Refeeding syndroom

Als u ernstig ondervoed bent en te snel start met volledige voeding, kunt u het refeeding syndroom krijgen. Hierdoor kunnen veel complicaties ontstaan. Het is belangrijk dat u uw voeding op de juiste manier opbouwt. De diëtist helpt hierbij.

Bij het refeeding syndroom krijgt u hormonale en metabole stoornissen, doordat u via (par)enterale voeding ineens grote hoeveelheden calorieën of koolhydraten krijgt na een langdurige periode waarin u niet of nauwelijks bent gevoed. De gevolgen zijn ernstige en mogelijk fatale verschuivingen in vocht- en elektrolytenbalans.

Hypofosfatemie (te lage fosfaatwaarde in het bloed) is het belangrijkste kenmerk van het refeeding syndroom.

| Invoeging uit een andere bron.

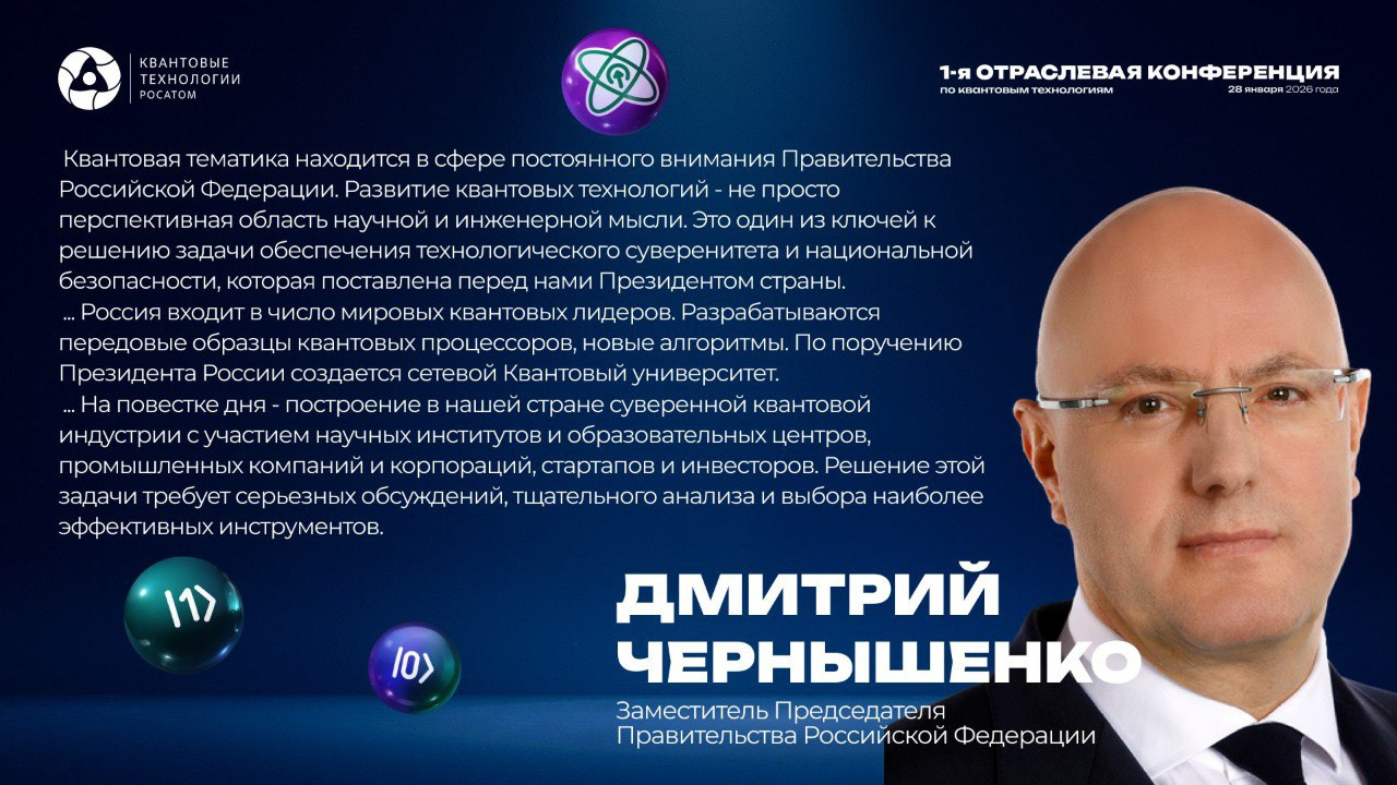 28 января 2026 года в Москве прошла Первая отраслевая конференция по квантовым технологиям Госкорпорации «Росатом». В ходе мероприятия обсуждался переход от квантовых инноваций к индустрии перспективных квантовых технологий. Был представлен анализ развития мировой квантовой науки, а также тренды применения квантовых технологий и задачи формирования кадров с необходимыми компетенциями.
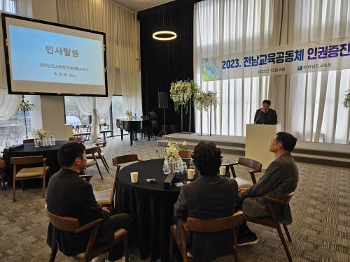 [½Åµ¿¾Æ¹æ¼Û Àü³²¿©¼ö=À̽ŵ¿±âÀÚ]Àü¶ó³²µµ±³À°Ã»ÀÌ 12¿ù 8ÀÏ ±¤ÁÖ ³²±¸ ¾î¹Ýºê·è¿¡¼­ ¡®2023³â ±³À°°øµ¿Ã¼ ÀαÇÁõÁø ¿¬Âùȸ¡¯¸¦ °³ÃÖÇß´Ù. Àαǿ¡ °ü½ÉÀ» °¡Áö°í ±³À°È°µ¿¿¡ ÀÓÇϰí ÀÖ´Â Àü¹®°¡¿Í ÇöÀå ±³»çµéÀÌ ¸ð¿© Àαǿ¡ ´ëÇÑ ÀÌÇØ¸¦ °øÀ¯ÇÏ°í °æÇèÀ» ³ª´©´Â ¼ÒÁßÇÑ¡¦

Klinische symptomen bij het refeeding sydroom ontstaan met name door:

  • hypofosfatemie, hypokaliëmie en hypomagnesiëmie
  • glucose-intolerantie
  • manifest worden van thiamine (B1) deficiëntie
  • verminderde orgaanfunctie en overvulling

Ontstaan

De klinische symptomen ontstaan door verschuivingen in elektrolyten. Als u ernstig ondervoed bent, is de hoeveelheid elektrolyten in de cellen laag. Door het toedienen van koolhydraten (glucose) via de voeding ontstaat een verhoogde insulinespiegel. Hierdoor wordt glucose uit het bloed opgenomen in de cellen. Dit gebeurt in gekoppeld transport met fosfaat, magnesium, kalium en water. Deze verschuivingen leiden tot een afname van extracellulaire concentraties van elektrolyten. De serum waarden dalen.

Lees meer over de klinische verschijnselen (pdf, 132KB).

Voordat u sondevoeding of parenterale voeding krijgt, is het belangrijk om het eventuele risico op het refeeding syndroom in te schatten. Dit is een gezamenlijke verantwoordelijkheid van de arts en diëtist. Aan de hand van de uitslag van deze risico inschatting wordt de Refeeding risico score (pdf, 89KB) ingevuld en het opbouwschema bepaald. Ook wordt bepaald welke bloedwaarden gecontroleerd moeten worden.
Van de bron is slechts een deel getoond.